UK flying training schools fear that they are in danger of losing a Government scheme which can give degree status for professional-pilot graduates, along with tax relief which reduces course prices by up to ú20,000, according to a leading flying-training school.

Training-industry concern has been growing about the survival of the scheme, known as the National Vocational Qualification (NVQ), because it was accredited for flying training more than two years ago, but no pilots have yet completed all the modules required for a full NVQ. The head of the UK Aviation Training Association (ATA), Tony Hines, warns that the NVQ for pilots "-will not have an indefinite life if pilots do not achieve the full qualification".

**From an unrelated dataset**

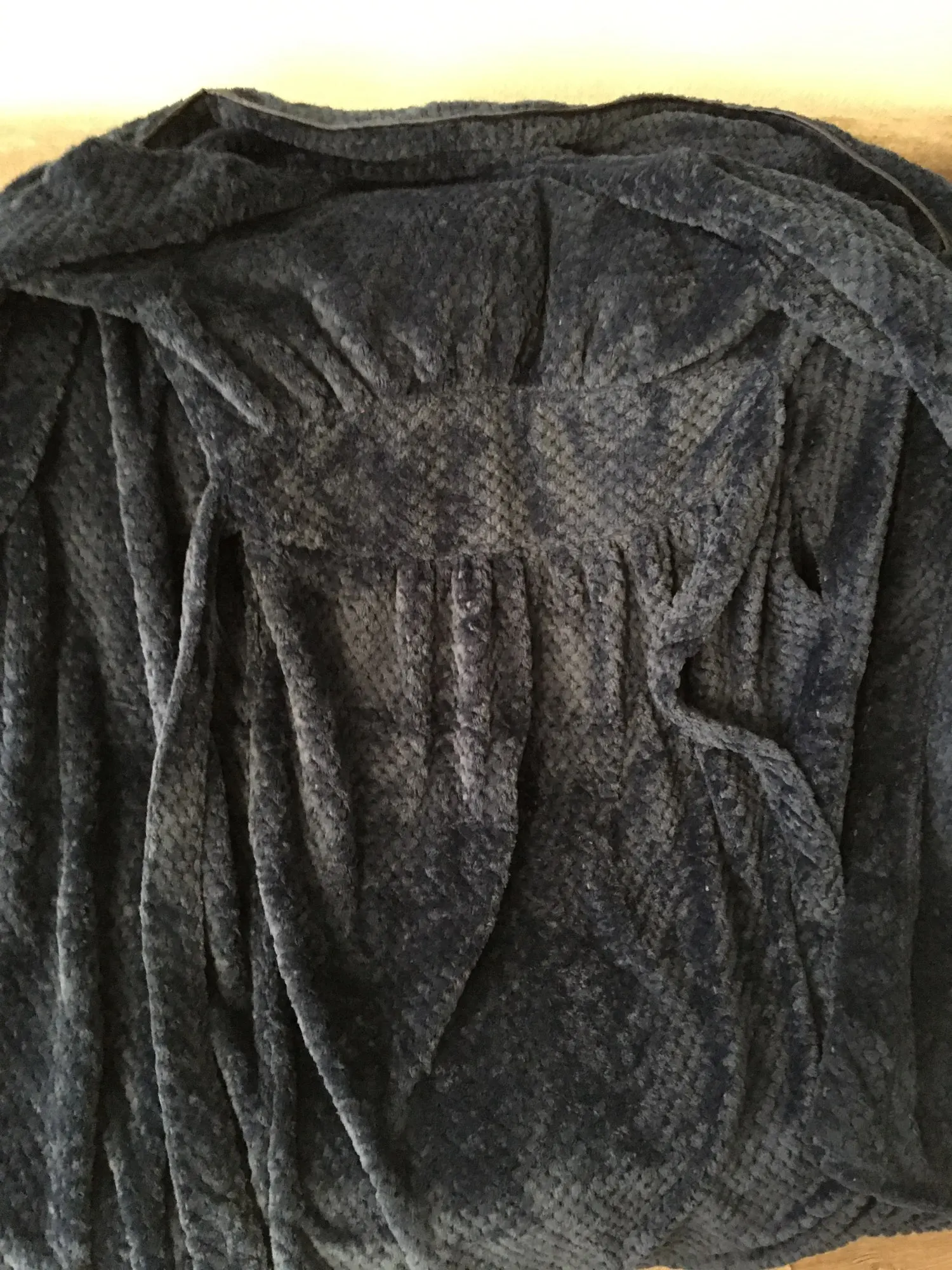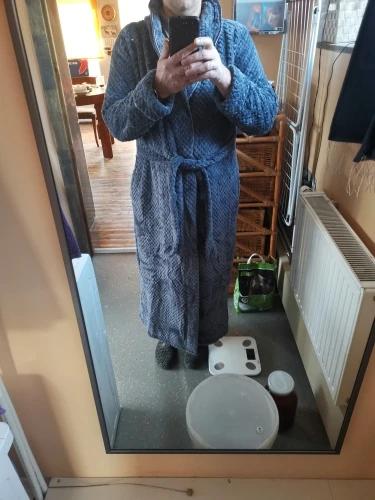 Халат прекрасный! Мягкий супертеплый! Правда, сзади он не прямой, а со складками, но для дома это не существенно. Но посылка шла почти полтора месяца, это огорчает.

Sales and marketing manager of the Bournemouth, UK-based European College of Aviation (ECA), Bob McGuire, says that the problem is that an approved school can train pilots with a "frozen" air-transport pilots licence to commercial-pilots-licence level, but that the final NVQ modules involve occupational experience, which can be gained only by working with the airlines.

The airlines have failed to close the NVQ training loop because they have not arranged to have accredited NVQ assessors among their training staffs. McGuire explains: "After two years of running the courses at approved schools, early student-intakes have found it difficult to find an airline in a position to enable them to complete their NVQs."

To provide a solution, the ECA has teamed with nearby Bournemouth and Poole College of Further Education, to provide an ATA-approved professional-pilot NVQ, with training modules on customer-service and personal-development issues.

Hines comments that, if training organisations such as the ECA are accredited as assessors, they can carry out the NVQ assessment on behalf of the airline employers, finally closing the loop.